Today I finished 26 out of 30 treatments. I was supposed to get 31 treatments - there's a story behind the change. More on that later.
I had my boost CT scan scheduled for Friday, March 21st. They fit my regular treatment in before the scan. The technicians got me all set up in the CT machine, tapped a bunch of wire around my wound bed, wrote all over me, put me into position and then.....NOTHING. They came back into the room and told me they had to reschedule. Apparently the doctor wanted to be present for the CT scan. They rescheduled for Tuesday, March 25th. My skin got pretty sore over the weekend from all the tape they had used. I applied a ton of the Aloe Vera Gel and that seemed to help. After my treatment on the 25th they did my boost CT scan. The doctor decided to administer the boost in the same position as my regular treatment.
My MO granted my request to take a Herceptin break which means I will skip my April 8th treatment. My veins really need the rest. My next infusion will be April 29th. He also requested another MUGA scan before my next infusion.
Robyn flew home on Thursday, March 27th to celebrate my birthday. It was so nice having her home. Friday night Robyn took us out to dinner, and Saturday night BudBud took us out to dinner. My great niece Melody, surprised me with a homemade birthday cake -- and Jeanne, Jason, Melody & Morgan all came over to visit. My house looked like a florist shop from the flowers I received. I had a wonderful birthday weekend with my family. Robyn flew back to Northern California on Sunday.
On Monday, March 31st, I had my last regular radiation treatment. On Tuesday, April 1st, April Fool's Day I was supposed to start my first radiation boost. I arrived 15 minutes early as requested. My appointment time came and went, and 45 minutes later, I was still sitting there. During that time at least six people came in after me, and were called back to be treated. No one could tell me when I would be treated. So, in true VT fashion - I walked out.
I will explain the VT comment with a story about my Dad. My father worked at the Radio City Music Hall in New York City for over 30 years. Back in the years that my father worked in the city, he said the service was very good. He said when he went in to a restaurant, he would be served a cup of coffee within five minutes. When he moved to California, he found out they moved at a different pace. Because of this, he wasn't very patient when he wouldn't be offered a drink within ten minutes of arriving at a restaurant.
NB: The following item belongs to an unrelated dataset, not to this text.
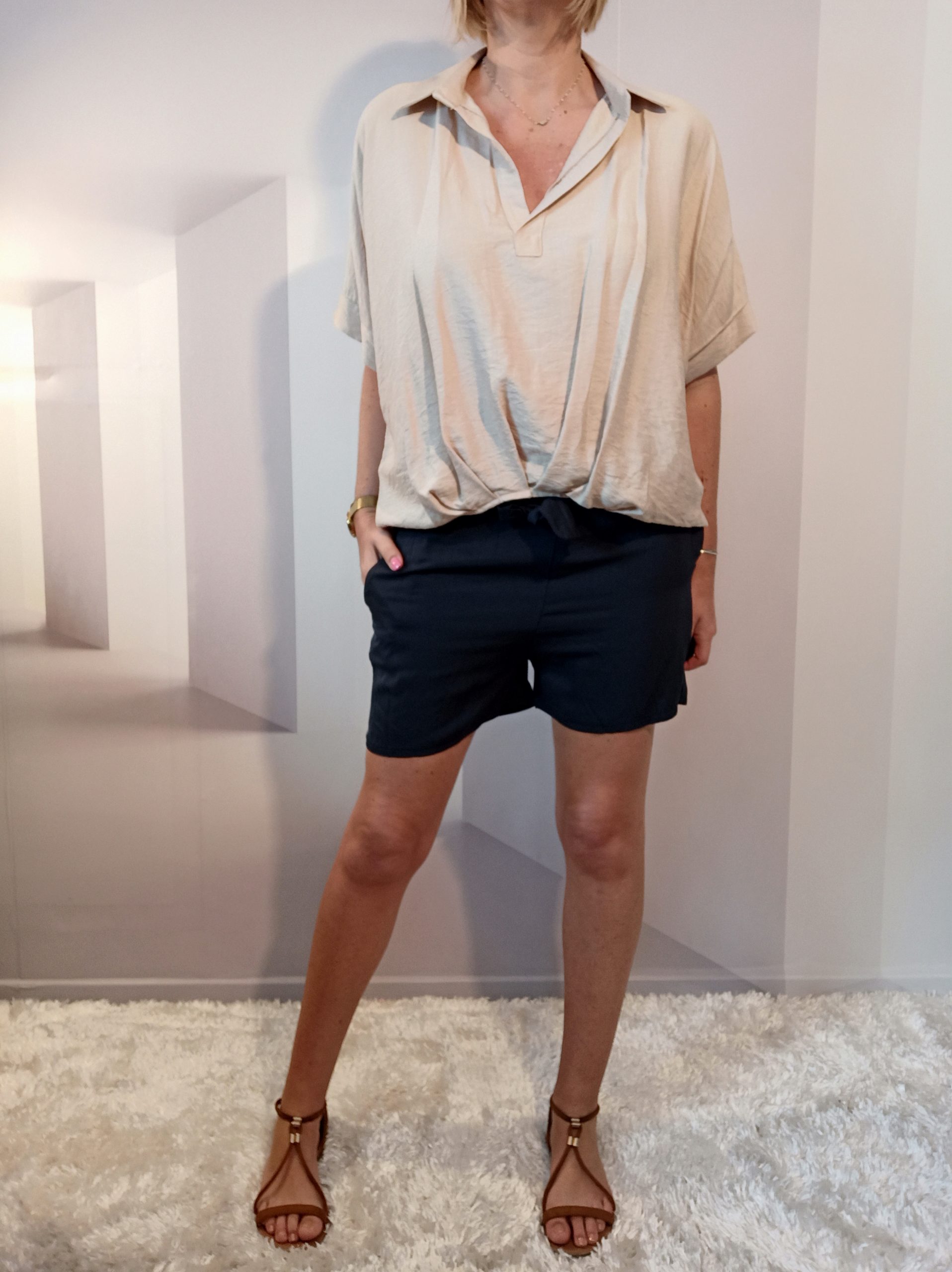 Short avec poches et ceinture, très agréable à porter avec sa matière fluide & classe !

If he wasn't served within his timeframe, he would walk out. This drove my mother crazy.
So yes, I pulled a VT. I was tired, sore and cranky - I'll admit it. The only problem is I have an hour's drive in each direction. So the only person I hurt was myself. But, it sure felt good. When I got home, I wrote an email to my doctor. I also asked if he could treat me effectively in five boosts instead of six. To my surprise, he said five boosts would work out just fine. When I arrived today for my first boost, I was called back within five minutes of my arrival. I guess it pays to be %itchy. They probably got even with me by zapping my heart. I guess it would serve me right for complaining.
My skin is doing very well with radiation. In fact, my radiology oncologist was surprised at how well my skin looks. He thinks the RA medications may be helping with the skin side effects. He believes the extreme fatigue I am experiencing is a combination of an RA flare and radiation. While on chemo, my RA went into remission. In the past few weeks, I've developed a bad flare in my hands, wrists and neck. Between the RA, the radiation side effects, and the lingering effects from chemo, I'm kind of getting my butt kicked. I'm also experiencing some odd symptoms. I'm having a difficult time with comprehension. I typically have to read things three times to absorb it all. I've also been misplacing things. My hat, my post office key, my cell phone ear piece and various other things. I'm also having difficulty staying on task or multitasking. My RO said it's not radiation related. He thinks it may be hormone related due to the fact that the chemo put me into menopause. He also said to talk to my medical oncologist about it possibly being what they call chemo brain. I thought I was fortunate not to experience that type of side effect from chemo, but I guess I will wait to hear my MO's opinion. To top it all off, I've developed an upper respiratory infection. I'm not sure where I picked that up being a compulsive hand washer.
This evening Budbud and I celebrated our 14th wedding anniversary. One of the best decisions of my life was to marry that man.
Melody and Morgan started soccer season. Morgan looked absolutely adorable with her braided pig tails. She's such a natural performer in everything she does. Did I mention she's the prettiest girl on her team? Then there is dear, sweet Melody. She's the only girl I know that feels bad about winning when she plays against a friend on the other team. She's one of the kindest teenagers you will ever meet. Also the prettiest girl on her team. I will try and get some action shots during the next game.
Countdown: 4 more boosts to go!!
That's all for now. Thanks for checking on me.